LAWS(PVC)-1928-1-155

MOHAN SINGH Vs. JAGAT SINGH

Decided On January 18, 1928
MOHAN SINGH Appellant
V/S
JAGAT SINGH Respondents

JUDGEMENT

(1.) The question to be decided here is whether limitation of an application for execution filed in the Court of Small Causes on 13 February 1925, was saved or not by action taken by the decree-holder in earlier years. That Court passed the money decree on 2 June, 1920. The first execution application was presented by the original decree-holder on 16 November 1921, and the application was transferred to the Court of the regular Munsif of Fatehabad on 17 November 1921. During the pendency of proceedings in the Fatehabad Court the decree- holder died and his successors-in-interest, Durga Prasad and others, applied to that Court on 18 February 1922, for substitution of their names in place of that of the original decree-holder and for continuation of execution proceedings. They deposited process fee for service of notices on the judgment-debtors on 21st March 1922, and notices were issued. On 16 April 1922, the Fatehabad Court directed substitution of names and amended the application. The proceedings in execution were stayed because a connected original suit was pending and finally on 19 February 1924, the Fatehabad Court rejected the application The next application was filed in the Court of Small Causes on 13 February 1925, and was dismissed in default on 6 April 1925. Subsequent to this date the decree was sold to persons who are applicants in revision here and they applied for substitution and execution under Order 21, Rule 16, on 15 December 1926. This application was dismissed. The Court conceded that it was within time from the next preceding application of 13 February 1925, but it was of opinion that the application of Durga Prasad and others of 18 February 1922 did not save limitation as it was not made in the proper form of 18 columns to the proper Court of Small Causes, but was wrongly made merely for substitution and to the Court at Fatehabad, where the application was transferred for execution. When that application was removed the decree-holder would have to refer back to 16th November 1921, when the first application for execution was made by the decree- holder, and that was obviously of no benefit to the applicants because it was filed more than three years prior to the 13 February 1925.

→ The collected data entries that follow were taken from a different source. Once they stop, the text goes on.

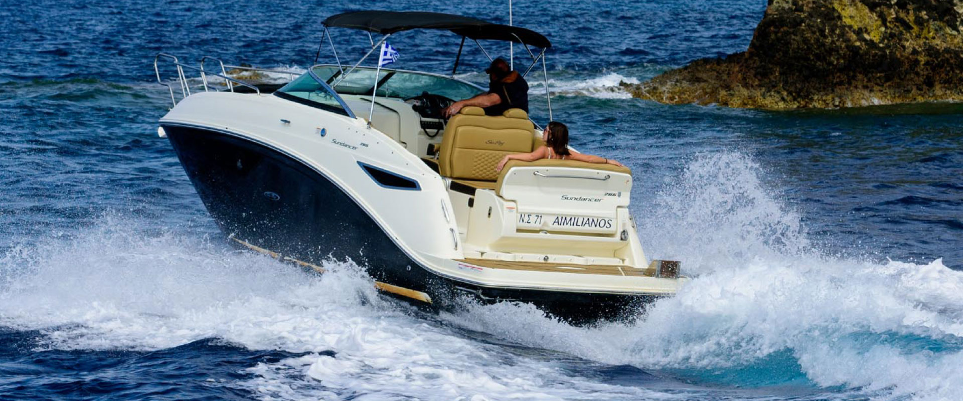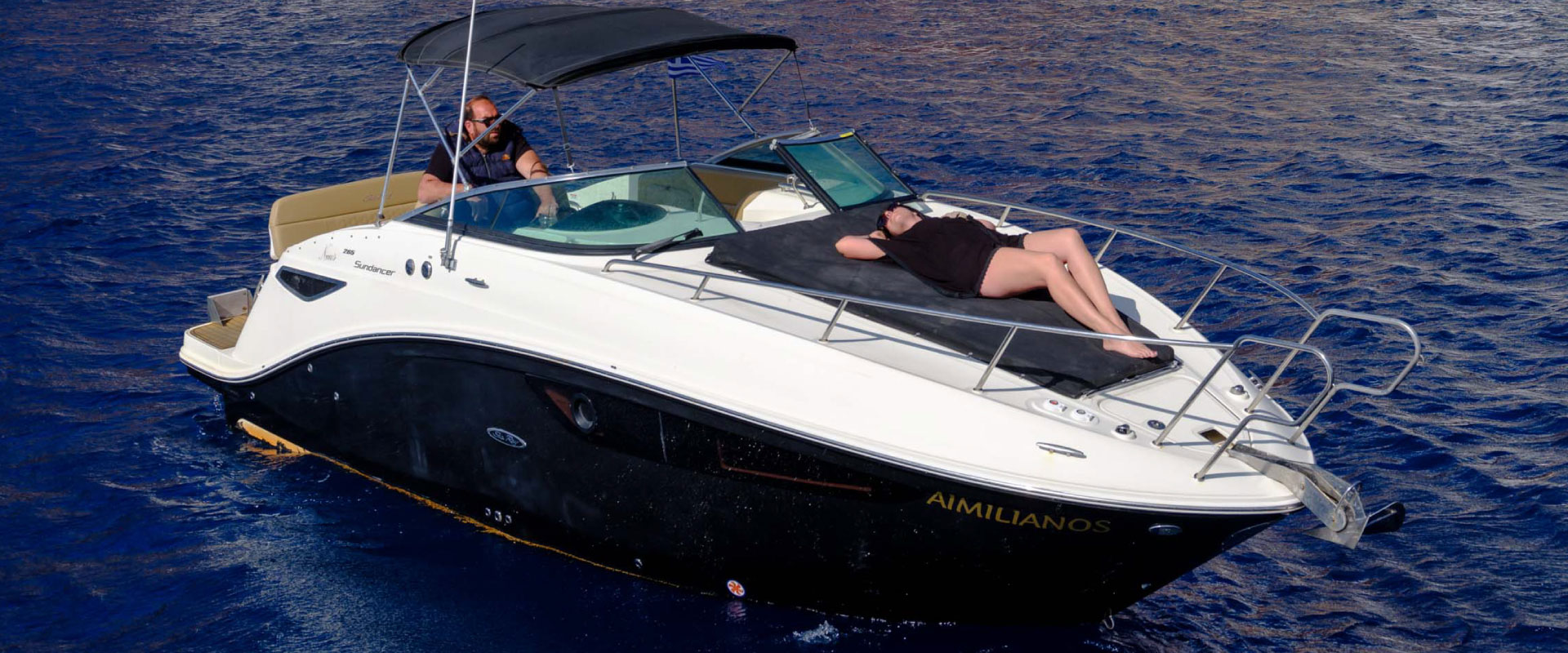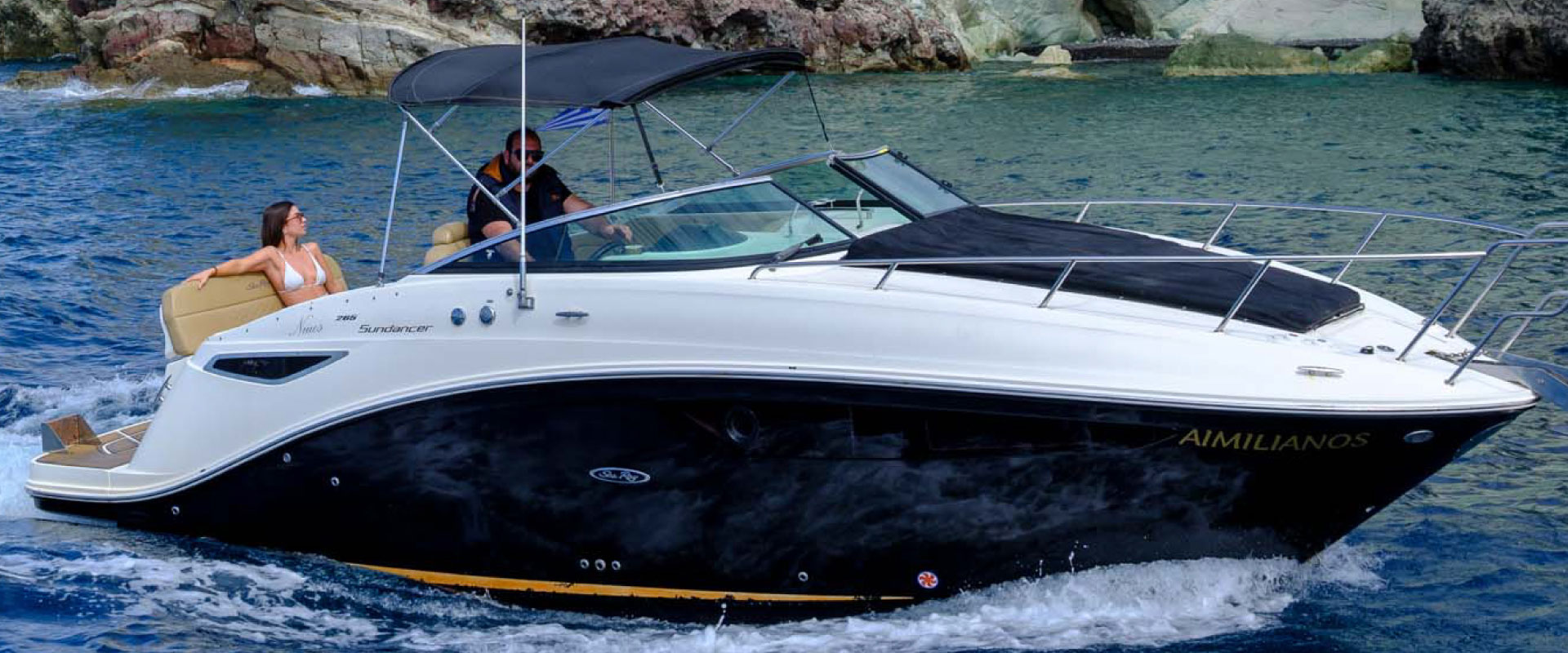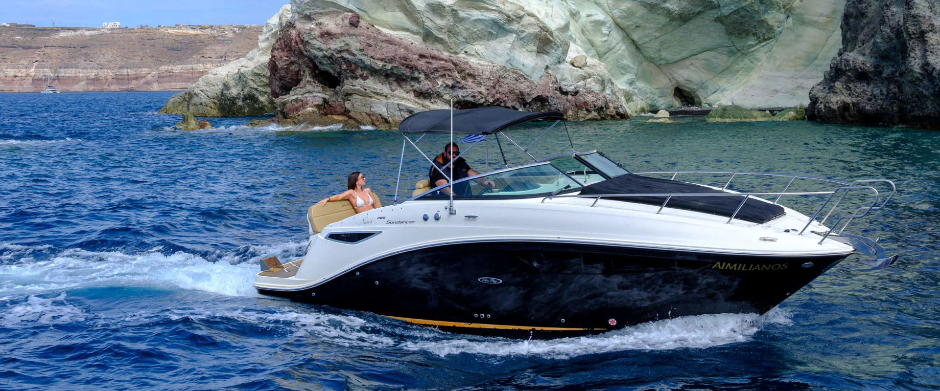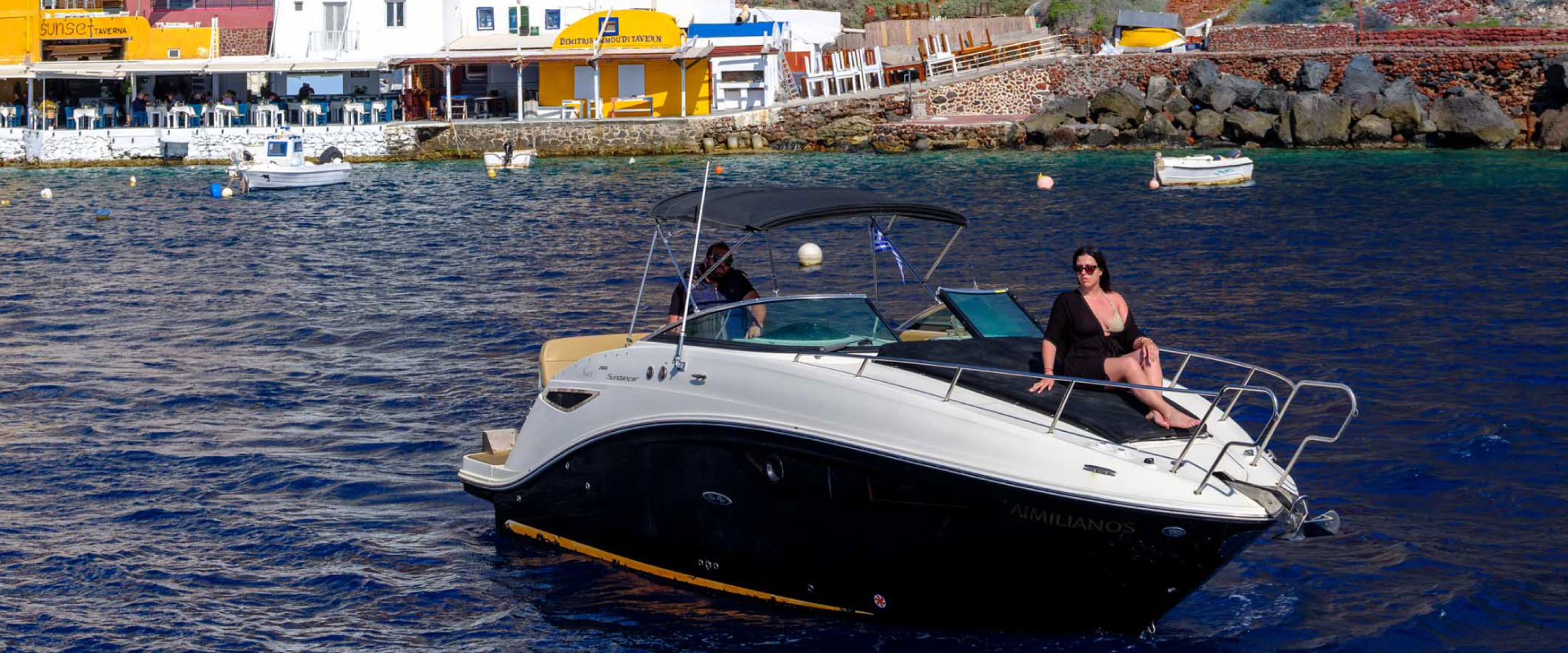Check below our Sea Ray 265 Sundancer photo gallery and contact us to book an amazing Santorini cruise!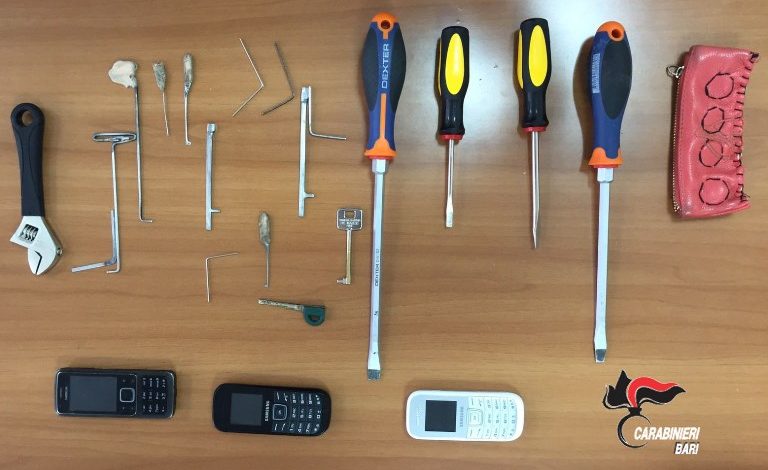 I militari della Compagnia dei Carabinieri Bari San Paolo, hanno arrestato in flagranza di reato tre cittadini stranieri (due georgiani e un ucraino) intenti, muniti di arnesi, a forzare la porta di un appartamento. L’operazione è stata possibile grazie alla telefonata al 112 di un cittadino, che aveva notato i 3 agire con fare sospetto, e che ha fornito ai carabinieri tutte le indicazioni utili per giungere sul posto. Alla vista dei militai i tre malfattori hanno tentato la fuga ma sono stati bloccati. I tre erano muniti di uno zainetto contenenti vari tipi di arnesi per lo scasso. Dopo le formalità di rito per loro è stato disposto il trasferimento in carcere.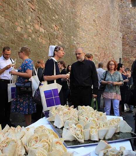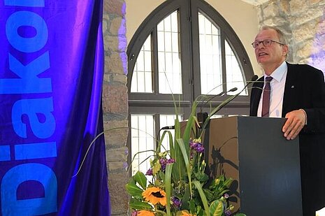 In Anspielung auf den Ort der Feierlichkeiten sagte der für Diakonie zuständige Oberkirchenrat Manfred Sutter in seiner Begrüßung: "Normalerweise findet man uns in Suppenküchen und Kleiderkammern." Aber das Hambacher Schloss - die Wiege der Demokratie - stehe für Werte wie Freiheit, Gerechtigkeit, das Recht auf freie Entfaltung der Persönlichkeit und auf Teilhabe. "Diese Werte spiegeln unseren Auftrag als Diakonie, uns Menschen bedingungslos zuzuwenden, wider", so Sutter weiter.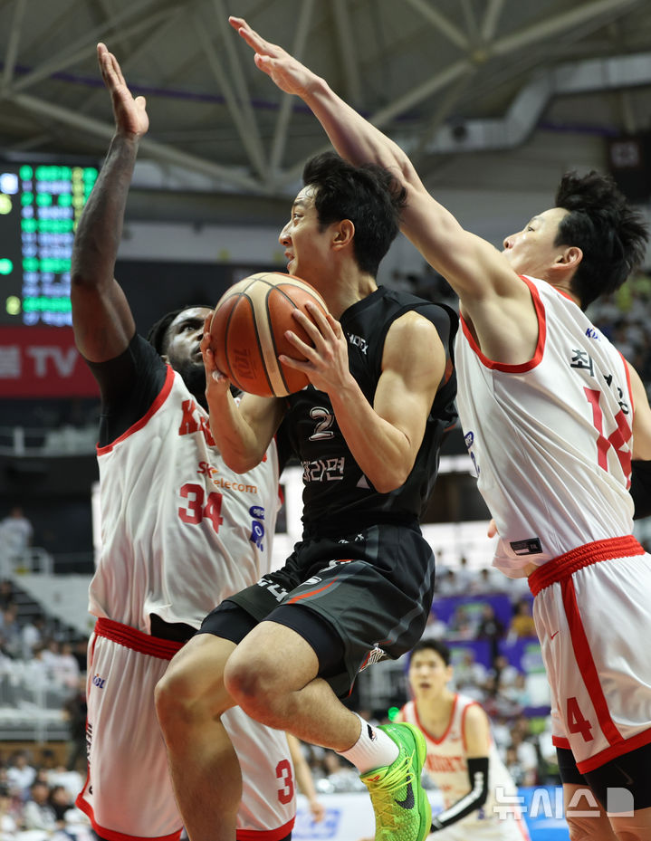 [수원=뉴시스] 황준선 기자 = 29일 오후 경기 수원시 권선구 KT소닉붐아레나에서 열린 2024~2025 프로농구 4강 플레이오프 수원KT와 서울SK의 4차전, KT 허훈이 돌파하고 있다. 2025.04.29. [email protected]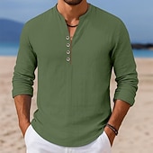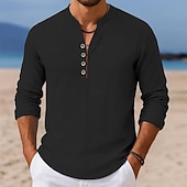 sought-after ! Men's Shirt Linen Shirt Summer Shirt Beach Shirt Solid Color Vacation Casual Black White Green Light Blue Long Sleeve Henley Fall Spring & Summer Clothing Apparel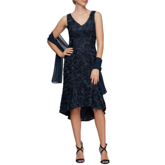 Alex Evening Women's Soutache Embroidered Lace Hi-Low Hem Flounce Midi Dress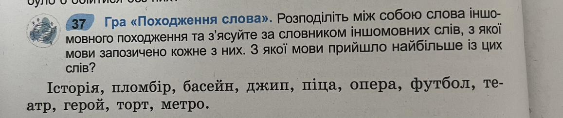 Історія — грецького походження, пломбір — французького походження, басейн — франц., джип — англ., піца — італ., опера — італ., футбол — англ., театр — франц., герой — грец., торт — італ., метро — франц.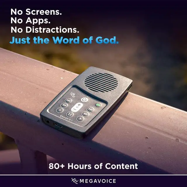 Portable Audio Bible Player: The Authentic MegaVoice New King James Version (NKJV) Solar Audio Bible Player, allows you to explore the wisdom of the Bible like never before. Listen to Alexander Scourby's engaging narration as you experience the entire Old and New Testaments in the palm of your hand. ^^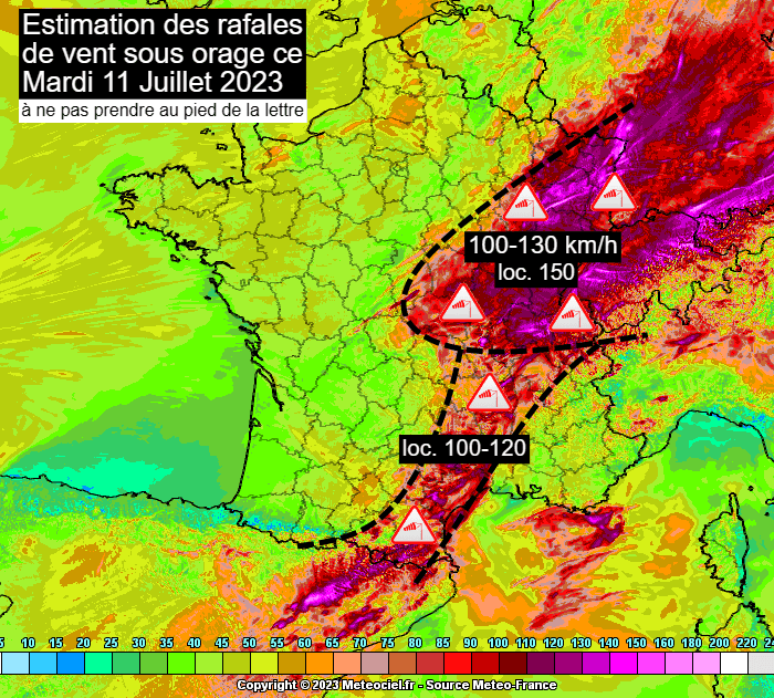 Rafales de vent envisagées par le modèle AROME ce mardi 11 juillet 2023 – via meteociel.fr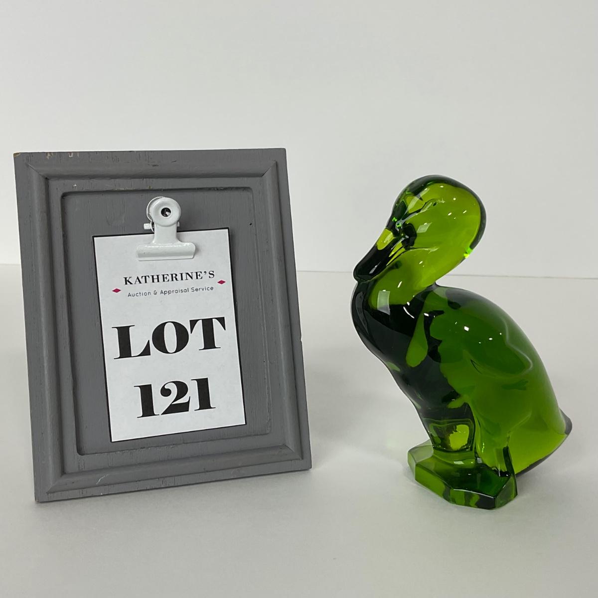 One Viking green epic fighting duck figure with head up. 3 1/2 inches wide by 4 1/2 inches tall. This piece has no damage, and appears to be in great shape with no visable chips, cracks, or broken pieces. Please see photos for details and condition. Any condition statement is given as a courtesy to a client, is an opinion, and should not be treated as a statement of fact. Reference to condition written, oral or within a condition report shall not be regarded as a full account of condition and may not include all defects, alterations, or restorations. Absence of a condition report does not imply a lot is flawless or lacking imperfections or damage. Katherine’s Auction & Appraisal Service shall have no responsibility for any error or omission. Returns shall not be accepted on the basis of condition. ::: Shipping is available on this lot. If you require shipping you must let us know at the close of the auction. We will coordinate with you after the item has been won. Shipping fees will include insurance up to or exceeding the value of all items being mailed. If you have any questions regarding this lot please contact the auctioneer either via this website, by direct email or by phone. PICK UP TIMES and other important information can be found in the TERMS and DESCRIPTION of the auction. Please take a look for pertinent information. Thanks!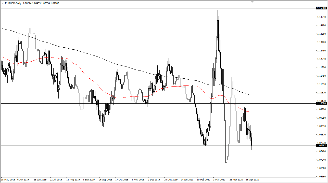 Rallies at this point will continue to see a lot of resistance near the 1.09 level, which at one point during the day look like it was going to be seriously threatened. However, as Wall Street closed out for the day, we started to see a lot of weakness out there, meaning that people were throwing money towards the US Treasury markets which yields of course fell. That is a very bullish sign for the US dollar as people continue to worry about almost everything under the sun, and that of course has a major ramification.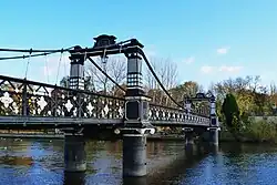 The river continues north-east, passing the village of Walton-on-Trent until it reaches the large town of Burton-upon-Trent. The river in Burton is crossed by a number of bridges including the ornate 19th-century Ferry Bridge that links Stapenhill to the town.[11] To the north-east of Burton the river is joined by the River Dove at Newton Solney and enters Derbyshire, before passing between the villages of Willington and Repton where it turns directly east to reach Swarkestone Bridge. Shortly afterwards, the river becomes the Derbyshire-Leicestershire border, passing the traditional crossing point of King's Mill, Castle Donington, Weston-on-Trent and Aston-on-Trent.[11]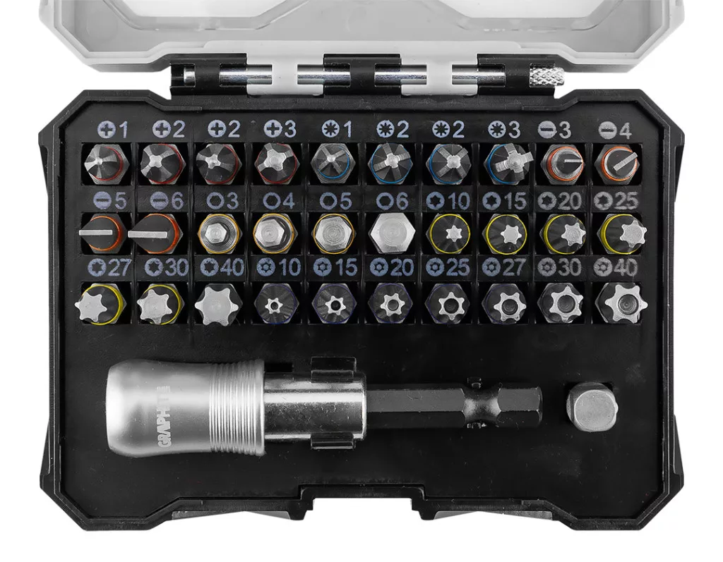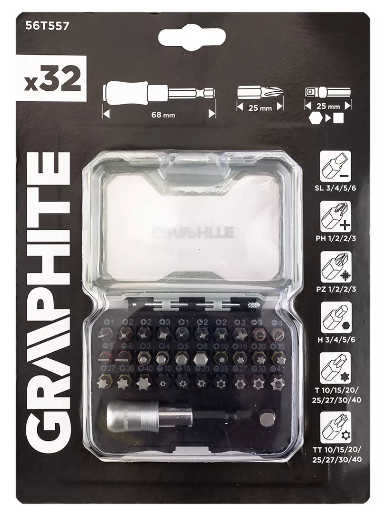 GRAPHITE Csavarhúzó bitkészlet 25mm, mágneses szárral műanyag tokban, 32db (56T557)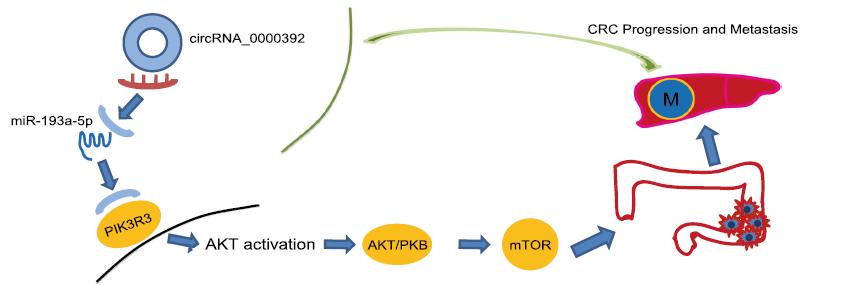 课题组针对环状RNA在结直肠癌发生发展中的作用开展了一系列研究,前期应用高通量测序技术,世界范围内首次揭示了伴有肝转移的结直肠癌组织的circRNA表达谱,并通过临床样本验证,发现了能够有望成为结直肠癌肝转移潜在生物标志物的circRNA(Molecular Cancer,2019)。本研究中课题组针对特定的circRNA在结直肠癌恶性进展中的功能及其作用机制进行了深入研究。通过体内外实验,发现抑制circRNA_0000392可显著抑制结直肠癌的进展。通过构建cricRNA-miRNA-mRNA预测调控网络,结合荧光原位杂交、荧光素酶报告基因、免疫共沉淀、RNA pull-down等实验技术,进一步揭示了circRNA_0000392可以作为miRNA海绵调控miR-193a-5p/PIK3R3/AKT轴,发挥其促进结直肠癌恶性进展的机制。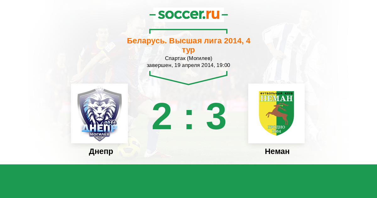 Беларусь. Высшая лига 28.06.2014 Неман Логотип футбольный клуб Неман (Гродно) 4:1 Логотип футбольный клуб Днепр (Могилев) Днепр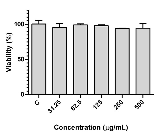 For assessing viability, cells were plated at a density of 1.5 × 104 cells/well, followed by incubation for 24 h with the samples. After incubation, 0.5 mg/mL MTT solution was added and further incubated for 2 h. The formazan in each well was dissolved in a solution of DMSO/isopropanol (3:1). Lastly, the absorbance at 560 nm was read in a Thermo Scientific™ Multiskan™ GO microplate reader (MA, USA). Viability was expressed as a percentage of the signal of control cells (cell medium).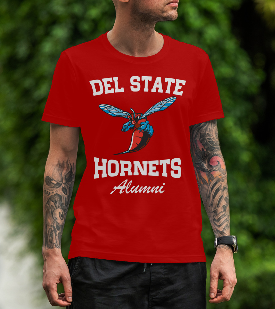 The DEL STATE HORNETS ALUMNI T-shirt is designed for everyday wear and a consistent fit. Fabric is pre-shrunk ring-spun cotton with durable stitching. See the size chart below for exact measurements.

(2.) The applicants have come here on the ground that the Court of Small Causes refused to exercise jurisdiction which was vested in it of executing the decree. I think the point was correctly argued by Mr. Laghate that the Court overlooked the consideration of the question whether the application of 18 February 1922, was or was not some step-in-aid of execution of the decree. The Subordinate Court refused the benefit of the application of 18 February 1922, on the ground that the application was not made in accordance with law to the proper Court of execution, but did not consider whether it was a step-in-aid of execution or not, The two matters are distinct under para. 5, Art. 182 and not concurrent. Mr. Shinde on behalf of the respondents relied on the defects in the application not being one for execution and to the proper Court, as directed by Order 21 Rule 16, and urged that those defects prevented the application from being one that could be treated as a step-in-aid of execution. It may be observed that the limitations are of an application being in accordance with law and to the proper Court where a step-in-aid of execution is put forward to save limitation. First of all I am not prepared to hold that the Fatehabad Court had no jurisdiction to substitute the names of the legal representatives of the decree-holder. Rule 1, Order 22, does apply to execution proceedings; only Rules 3, 4 and 8 of that order do not apply. There can, therefore, be no abatement of the application for execution. Rule 16 applies only to substitution along with execution and there does not appear to me to be any bar under any of the rules in Schedule 1, Civil P.C., to substitution of names by an executing Court when an execution proceeding is already pending.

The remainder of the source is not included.